Литмир - Электронная Библиотека
A
A

– Ты радовался, что тебя послали в Испанию?

Он усмехается:

– Против силы не пойдешь.

С особым удовольствием он рассказывает, как его батальонный командир, услышав первый выстрел, спрятался за камни. Каменщику сказали, что республиканцы убивают всех пленных. Улыбаясь, он закуривает папиросу: наконец-то он попал к людям!

Паскуале Сперанца – парикмахер из маленького городка Абруцци.

– Почему вас прислали, ведь вам уже тридцать пять лет?

Парикмахер простодушно улыбается. Он весел и хитер. Это итальянский Швейк. Он рассказывает: каждый городок должен был выставить десять или двадцать солдат. Люди побогаче откупались, у парикмахера не было ни копейки, и его послали брать Мадрид. У него жена, четверо ребят. Дома голод. Он воевал с эфиопами. Он обрадовался миру: хоть впроголодь, но все-таки жизнь. Не тут-то было: он не успел разглядеть своих ребят, как его снова послали на войну. Он говорит:

– Привезли нас, как товар.

Он жалуется на харчи: итальянские офицеры прикарманивают деньги, а солдат не кормят. Догадавшись, что его никто не собирается убивать, парикмахер поспешно спрашивает:

– А какие харчи здесь?

Он вспоминает меланхолично:

– Вина не давали, даже апельсинов не давали. Только что знамя красивое, его привезли из Италии.

Он ругает и Цезаря, и интендантов, и жизнь. Он мог бы весело жить в свободной Абруцци – ведь он видел Италию до фашизма – брить людей, петь песни. Вместо этого его зачем-то возят по свету, там, где люди стреляют из пушек, и еще заставляют при этом подымать руку вверх и кричать: «Алала!»

Я не могу оторвать глаз от третьего пленного – Марио Стопини, родом из Павии. По профессии он маляр, но он не был членом фашистской партии, и ему не [148] давали работы. Он получал три лиры семьдесят пять сантимов в день – щедрая подачка рабам империи; ел сухой хлеб; кругом кричали голодные братья и сестры: он был старшим, он должен был кормить других… Он резал хлеб на тонкие ломтики.

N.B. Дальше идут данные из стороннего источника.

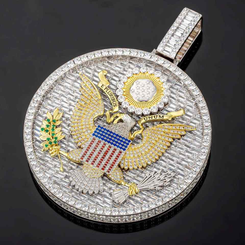 Customizable Luxury Vintage Gold Plated Claw Setting Inlay Fully Iced Moissanite Diamond Pendant with Unique Design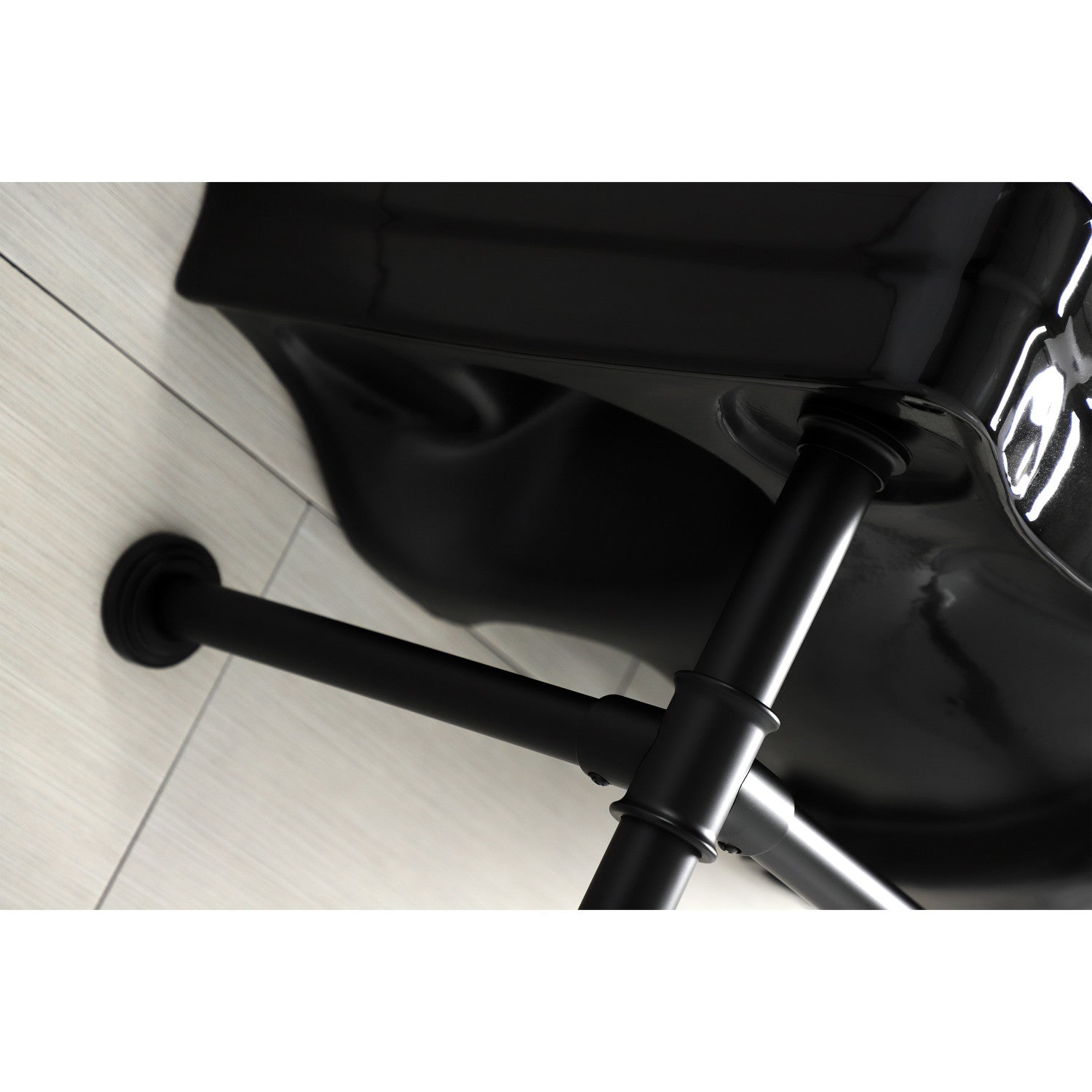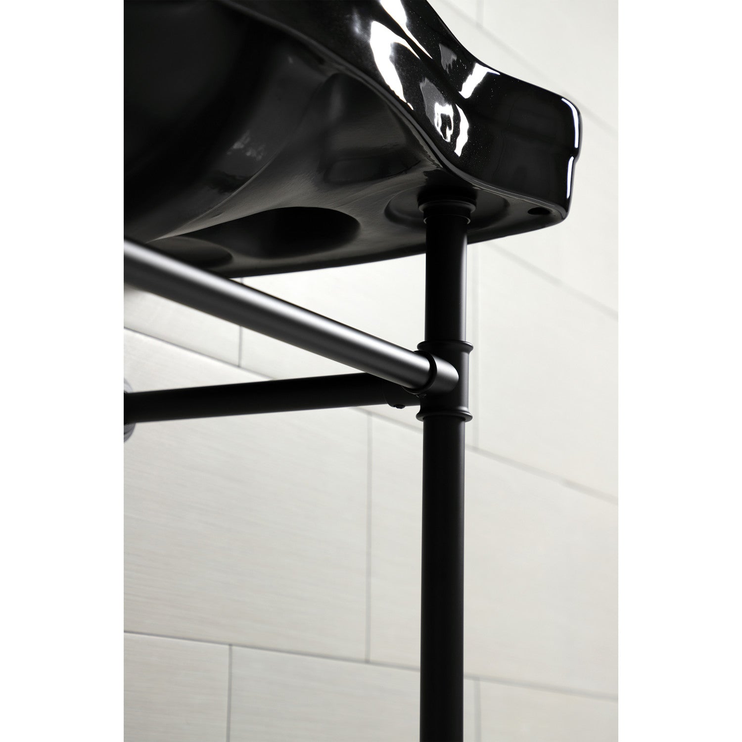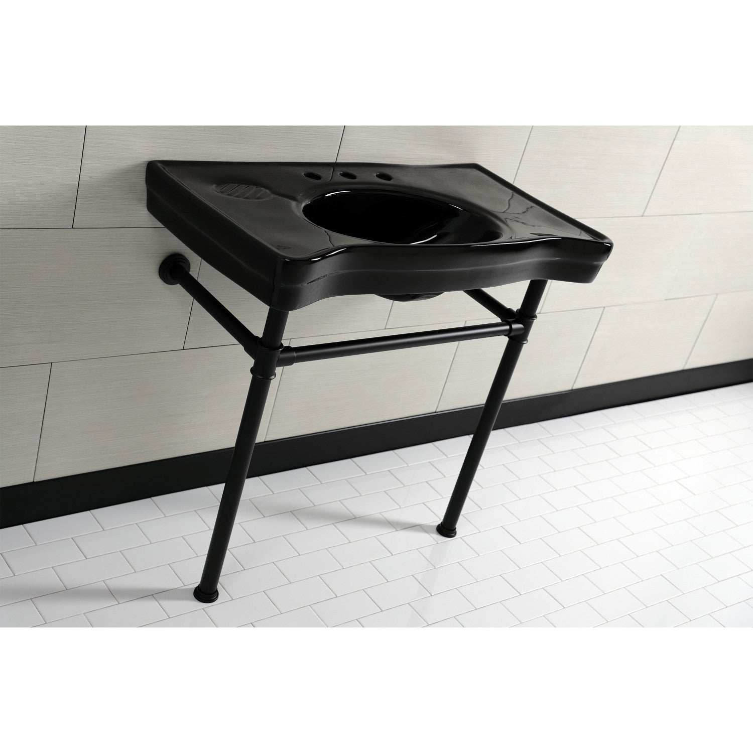 From Kingston Brass, this basin console with pedestal was designed with a striking design that will make almost any interior stand out. Constructed from solid ceramic, appreciate the finished glow that the console gives off. Installation of the console is on two legs and is mounted on the wall of the interior room. The console comes with a generous bowl size, while the overall console dimensions are (L)35-13/16" x (W)19-1/8" x (H)33-7/8" and is included with pre-drilled holes perfect for a 3-hole faucet install. The console's smooth texture allows for easy-to-clean and easy-to-manage maintenance. The console is also finished with a sleek black/matte black color that brings out the texture and the design of the ceramic material.

Он написал каракулями письмо: «Прошу меня послать в Абиссинию как маляра». В ответ пришла бумага: «Прошение удовлетворено». Маляра посадили на «Ломбардию».

Когда судно вышло в открытое море, легионерам сказали: «Вы едете в Испанию». Вспоминая это, маляр плачет. Он с виду неуклюж, недоделан: глаза, которые не научились глядеть; рот, который, мучительно раскрываясь, роняет темные слова. Он плачет, как большой ребенок, которого обманули. Всхлипывая, он говорит:

– Я хотел кинуться за борт…

Испанцы его утешают, и он пугливо улыбается: он не привык к человеческому участию. Вдруг он встает и спрашивает:

– Можно мне остаться здесь красить стены? Я маляр, свой, рабочий…

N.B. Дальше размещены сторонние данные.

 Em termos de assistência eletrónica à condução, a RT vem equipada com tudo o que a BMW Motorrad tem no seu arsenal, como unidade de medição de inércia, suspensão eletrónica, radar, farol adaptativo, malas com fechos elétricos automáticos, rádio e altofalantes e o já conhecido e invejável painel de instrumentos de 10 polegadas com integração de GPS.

И, вспомнив о домике в Павии, он снова плачет:

– Что будет теперь с братишками?

Я гляжу на этих людей; я теперь узнал их судьбу. Дети прекрасной страны, страны, издавна влюбленной в свободу, они сидят униженные, как преступники. Ласково хлопает маляра по плечу солдат-республиканец. Они немного понимают друг друга: родные языки, родные народы. Испанец говорит:

– У нас этого не будет, понимаешь?..

Он ищет слова, чтобы утешить пленного. Он говорит:

– У вас это тоже не навек. Надо бороться, бороться…

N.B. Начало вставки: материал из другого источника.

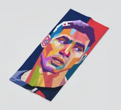 Lionel Messi in stile WPAP è un ritratto sorprendente e colorato del leggendario calciatore, creato utilizzando forme geometriche nitide e toni vivaci. Questo pezzo pop art cattura i tratti iconici e il carisma pacato di Messi, celebrando la sua grandezza attraverso l'audace linguaggio visivo di WPAP (Wedha's Pop Art Portrait).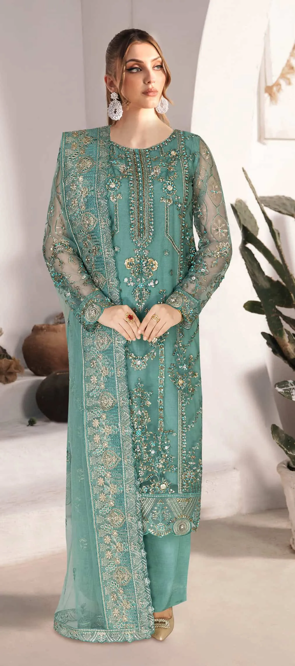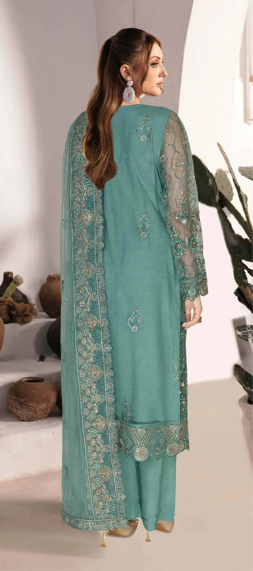 Make a statement with the Ramsha WB-431 luxury chiffon embroidered suit in a stunning green shade. The intricate embroidery with shimmering sequins gives this outfit a regal and festive touch. Perfect for evening parties, weddings, and cultural celebrations, this outfit exudes confidence and sophistication.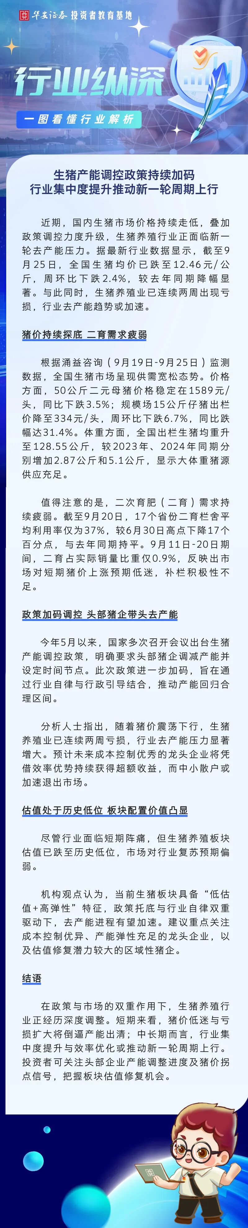 行业纵深 | 生猪产能调控政策持续加码 行业集中度提升推动新一轮周期上行来源:华安证券投教基地 | 作者: | 发表于:2025/10/17 | 阅读量:867096 |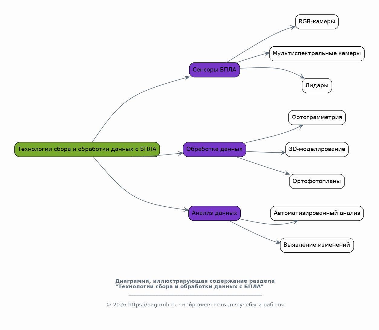 Детальное рассмотрение технологий, применяемых для сбора данных с БПЛА, включая различные типы сенсоров (RGB-камеры, мультиспектральные камеры, лидары) и их характеристики. Анализ методов обработки данных, полученных с БПЛА, таких как фотограмметрия, создание 3D-моделей и ортофотопланов. Рассмотрение программного обеспечения, используемого для обработки данных, включая его функциональные возможности, преимущества и недостатки. Обзор возможностей автоматизированного анализа данных, полученных с БПЛА, для выявления изменений и дефектов в строительных конструкциях. Оценка точности и надежности различных методов обработки данных. Особое внимание уделяется вопросам совместимости данных.

Он много раз повторяет это слово, как надежду, как утешение, как обет.

март 1937

Сапожник Грего Сальватори

Сапожник Грего Сальватори из Палермо. С десяти лет он набивал подметки и клал на башмаки бедняков грубые рыжие заплаты. Ему двадцать четыре года. [149]

Смелое лицо, правильные черты, глаза живые и горячие. Фашисты выдали ему партийный билет, но он не знает, что напечатано на этом куске картона: читать фашисты его не научили. Он отбывал воинскую повинность в пятьдесят втором полку итальянской армии. Это полк имени Гарибальди.

Рядовому Грего Сальватори говорили: «Фашизм сделал Италию великой». Рядовой вытягивал руки по швам. Кто знает, о чем он думал? О том, что его мать умерла от голода? О том, что у него в Палермо брат и шесть сестренок, которые хотят есть? Может быть, он вспоминал слова сапожника Беппо? Старый Беппо учил Грего набивать подметки. Откладывая молоток, Беппо говорил: «Все люди родятся голыми, сапожники и маркизы. Почему Муссолини убивает коммунистов? Потому что богачи хотят хорошо есть и хорошо спать». На площадях Италии смельчаки еще говорили о «черном позоре». Потом смельчаков послали на Липарские острова{86}. Все притихло. Но сапожник Грего не забыл уроки своего старого учителя.

Вместе с другими итальянцами Грего Сальватори послали в Испанию, чтобы покорить испанский народ. В боях под Гвадалахарой бок о бок с испанскими республиканцами сражался батальон итальянских волонтеров, которые поклялись отстоять свободу братской страны. Этот батальон носит имя Джузеппе Гарибальди. Сапожник Грего Сальватори, который служил в фашистском полку имени Гарибальди, услышал родной язык. Он понял, что перед ним друзья покойного Беппо, и бросил на землю винтовку.

Он говорит мне:

– Я хочу драться против фашистов. Они убили мою мать, они убили мою родину, они послали меня на позор: за маркизов, против своих. Я прошу, чтобы меня приняли в батальон имени Гарибальди. Я не умею читать, но Беппо мне много рассказывал про Гарибальди. Будь Гарибальди жив, никогда фашисты не правили бы Италией!..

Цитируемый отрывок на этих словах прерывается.